Meet Dannie Kohan. Numbers are important to her.

Here are a few:

Thirty-six — the number of minutes it takes Dannie to get ready each morning.

Eighteen — the number of minutes it takes her to walk to work.

Twenty-four — the number of months you should date someone before you move in together.

Twenty-eight — the appropriate age to get engaged.

Thirty — the opportune age to get married.

As you can tell, Dannie has her life measured and mapped out — all at the age of 28. She lives with her boyfriend David and is on the fast-track to being a partner in a large law firm that she has wanted to work at since she was 10 years old.

She is nothing like her best friend, Bella, who is happy-go-lucky and embraces the adventures in life to their fullest. They have known each other since they were 7 years old, when they met at a park, and have been inseparable ever since.

Both live in New York, but Bella is a frequent traveler and Dannie’s work rarely allows her to make it home in time for dinner.

Dannie and David agree on the importance of a plan.
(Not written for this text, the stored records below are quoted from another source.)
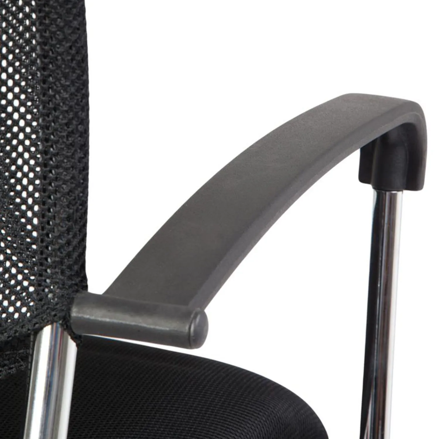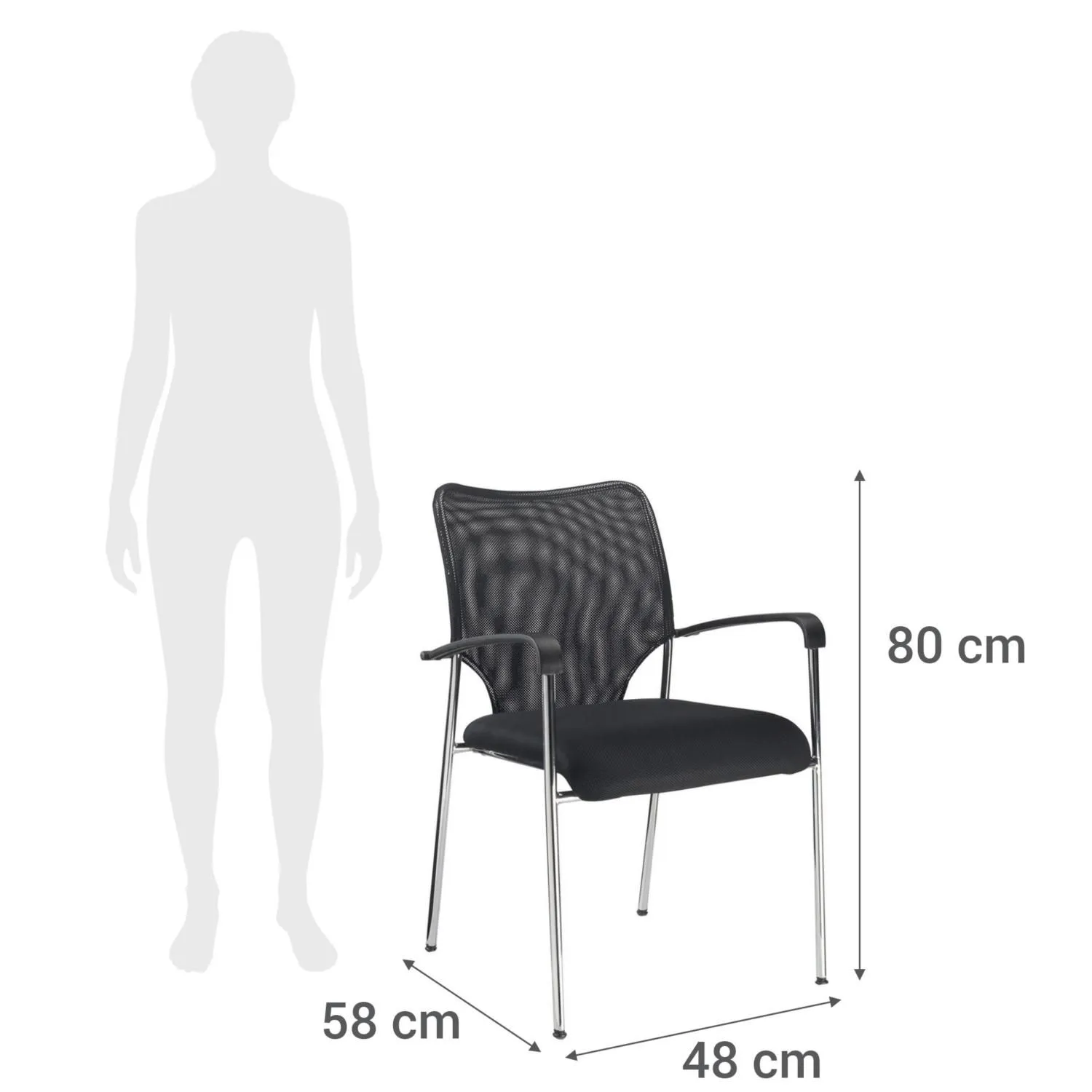 Esta silla fija de visitante, con su respaldo de tela malla negro, te ofrece un soporte adecuado para largas jornadas. Cuenta con apoyabrazos para mayor confort y su estructura de metal asegura durabilidad. Con un ancho de 48 cm y una profundidad de 58 cm, se adapta fácilmente a tu espacio.
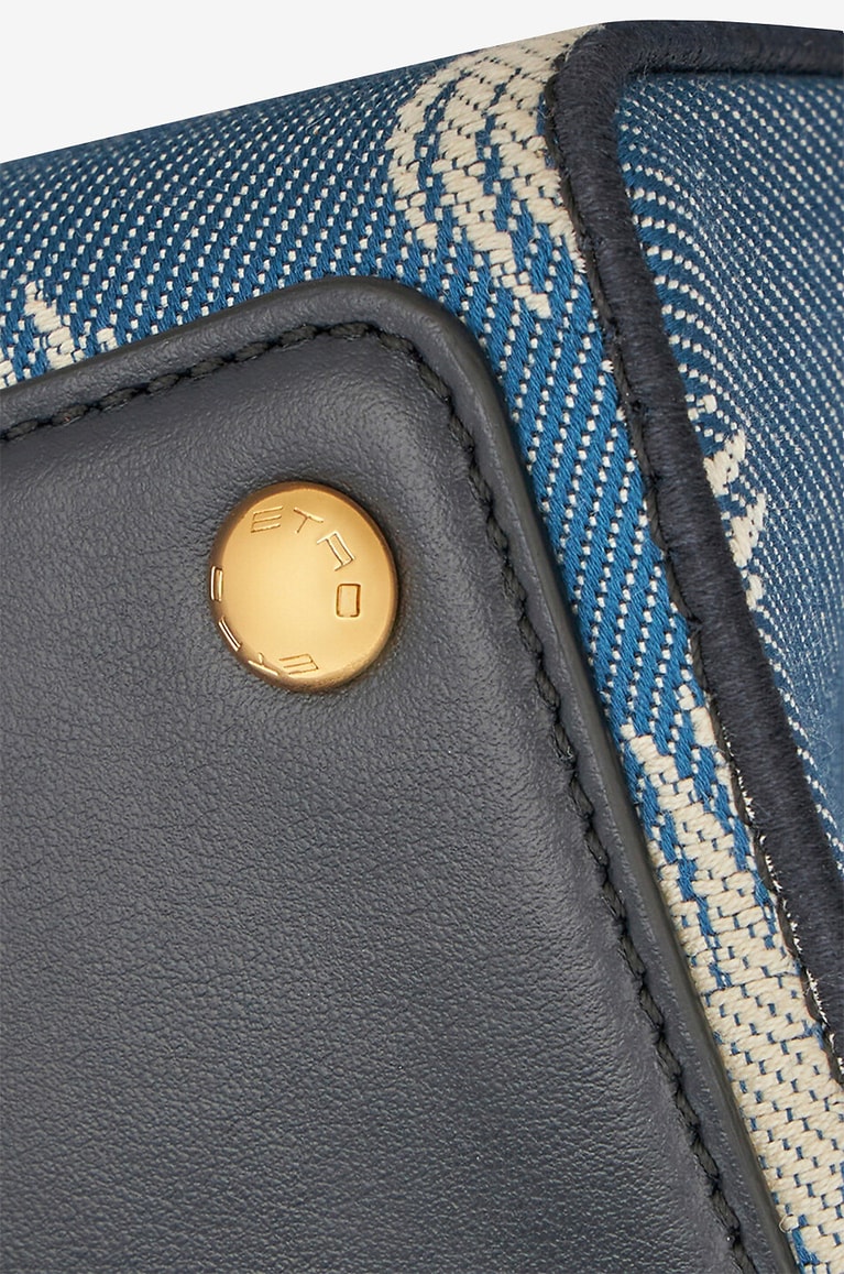 Inspiriert von der Welt der Nautik ist diese hübsche Schultertasche von ETRO in Segelform aus blauem Baumwoll-Jacquard mit weissen Wellen - damit Sie sich auch nur im Traum an die Küste versetzen können. Der breite, abnehmbare Schultergurt aus Stoff ist auf einer Seite mit dreifarbigen Streifen und auf der anderen Seite mit dem Logo des Mailänder Modehauses verziert. Das Fach mit goldfarbenem Metallverschluss ist mit einem abnehmbaren Reissverschlussmäppchen aus glattem Leder ausgestattet.
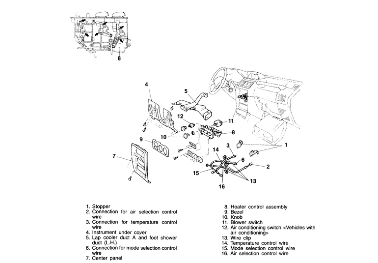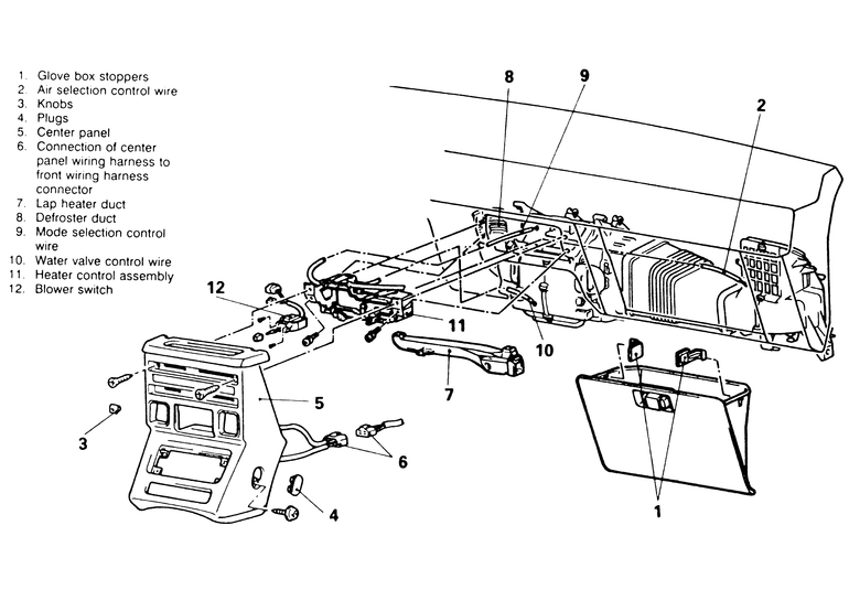 | Fig. 2: Heater control assembly component locations — 1987–95 Pick-ups |
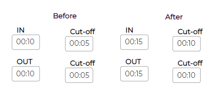 The rules defined below before will be applied if an employee swiped IN/OUT before scheduled time. The rules defined below after will be applied if an employee swiped IN/OUT after scheduled time.
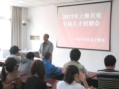 109上午,电子与信息工程系在1429室举行了上海贝电公司2011年专场人才招聘会。上海贝电公司西安办事处主任樵刚,电信系党总支书记李红兵,学办副主任石纭昊,2012届有70余名毕业生参加招聘会。
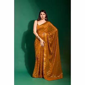 Indulge in luxury with our soft georgette printed saree featuring beautiful 7mm embroidery and heavy sequin work. The delicate detailing adds a graceful charm that is perfect for any celebration.
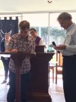 Sunday Dec. 11, Lakewood UCC received 2 new members into the church family. Wally LeBlanc joined the church. He lives across the street from the church and is transferring his membership from Church of the Isles, Indian Rocks Beach. Wally’s sponsor was Preston Poe. The second new member was Emily Gibson. Emily started coming to LUCC when she was about 3. Now, she joins the church as an adult. Emily’s sponsor is Dana Cosper. Rev. Kim Wells was assisted in the liturgy by Advisor Charlie Lewis. The church is blessed to welcome these wonderful new members!
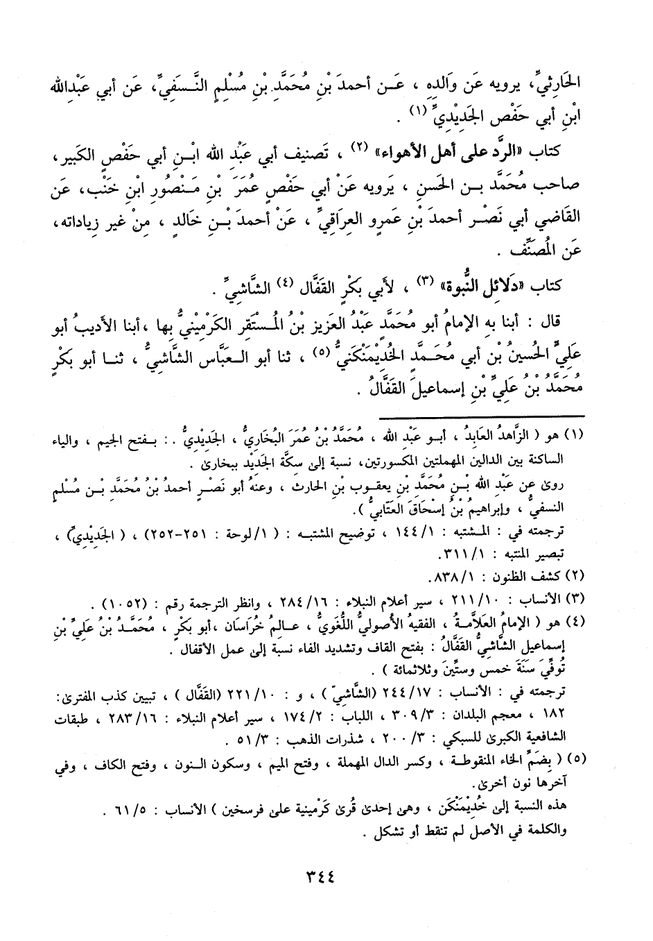 قال: أبنا به الإمام أبو محمد عبد العزيز بن المستقر الكرميني بها، أبنا الأديب أبو علي الحسين بن أبي محمد الخديمنكني، ثنا أبو العباس الشاشي، ثنا أبو بكر محمد بن علي بن إسماعيل القفال.
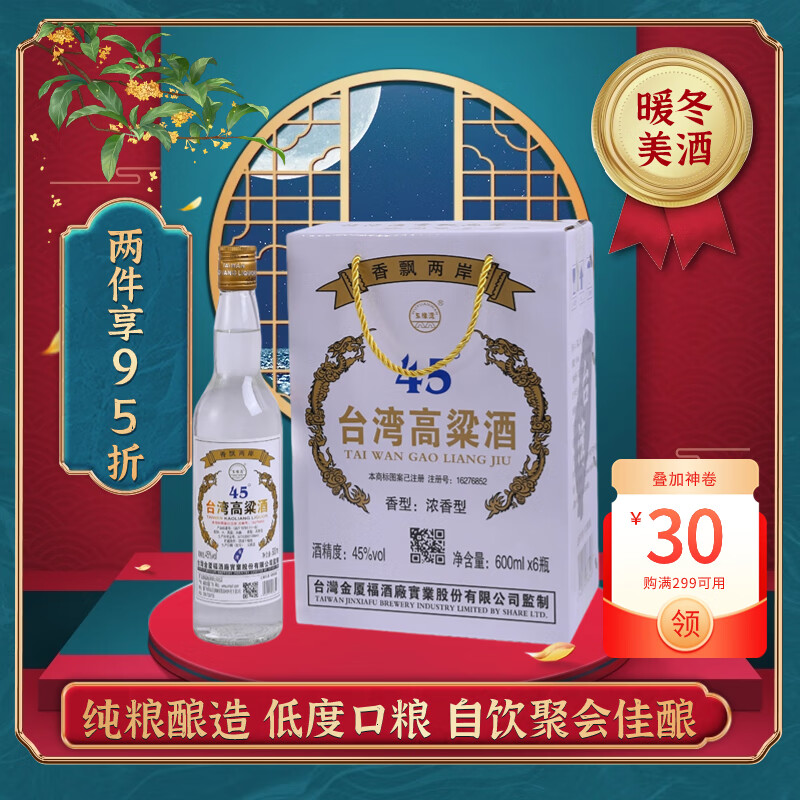 五缘湾台湾高粱酒浓香型白酒45度600ml*6整箱厦门高粱口粮酒价格:89.00元!
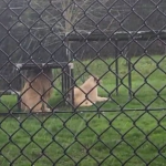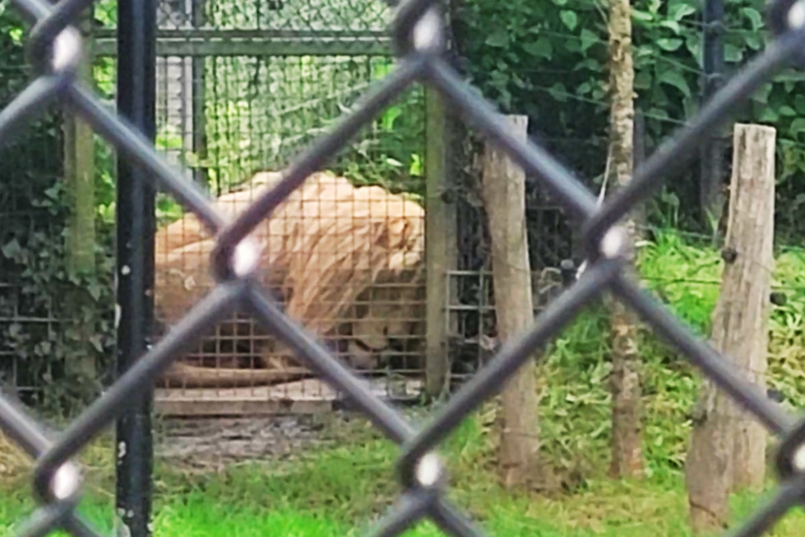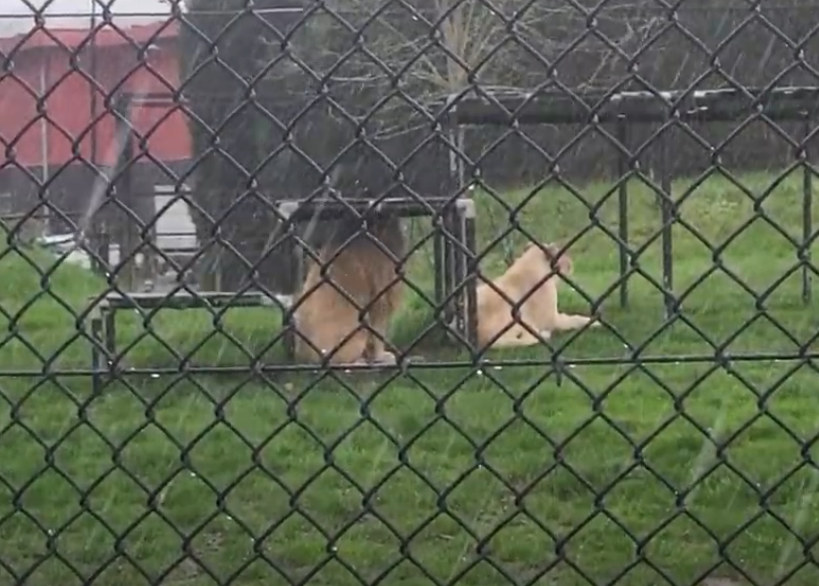 Gedurende de dag zitten de dieren buiten. Bij regen kunnen de leeuwen enkel schuilen onder een kleine verrijking van het verblijf: nauwelijks groot genoeg om beide onder te passen.
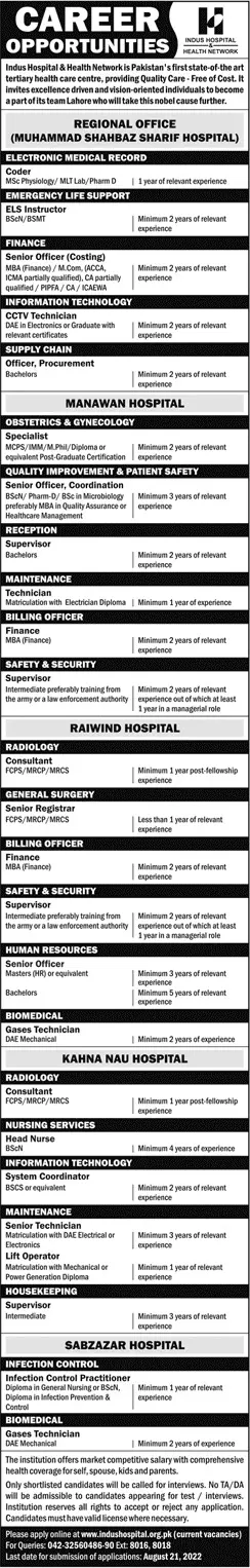 Jobs in Indus Hospital & hospital & Health Network announce the Contract career opportunities for the post of See Below Ad in Punjab, Lahore for the fresh and experienced candidates on Contract basis who have Check Advertisement degree. Posted date of this post is 07/08/2022 and the last date is 21/08/2022. if you are eligible for this job apply before due date.
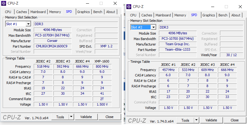 Hier sind noch weitere Bilder von CPU-z mit den namen und den Daten von den RAM riegeln.

Their plan is to get engaged, continue on their current career paths, get married, move to Gramercy Park and have a couple of kids. It may not be happily ever after in the truest sense of the phrase, but it works for them.

Bella, an artist, owns a gallery and falls in love at the drop of a hat. Dannie lives vicariously through Bella’s many adventures and loves.

Things seem to be aligning perfectly in Dannie’s life, until one night, after David proposes, she drifts off and wakes up five years later. Surprisingly, her future looks nothing like her life of today, and during the brief time she is transported, she sees where she lives, and more surprisingly, who she is with. She does not stay in the future for long and when she wakes, back in her real life, she is not sure what to think. Was it a dream? Premonition? Is she losing her mind?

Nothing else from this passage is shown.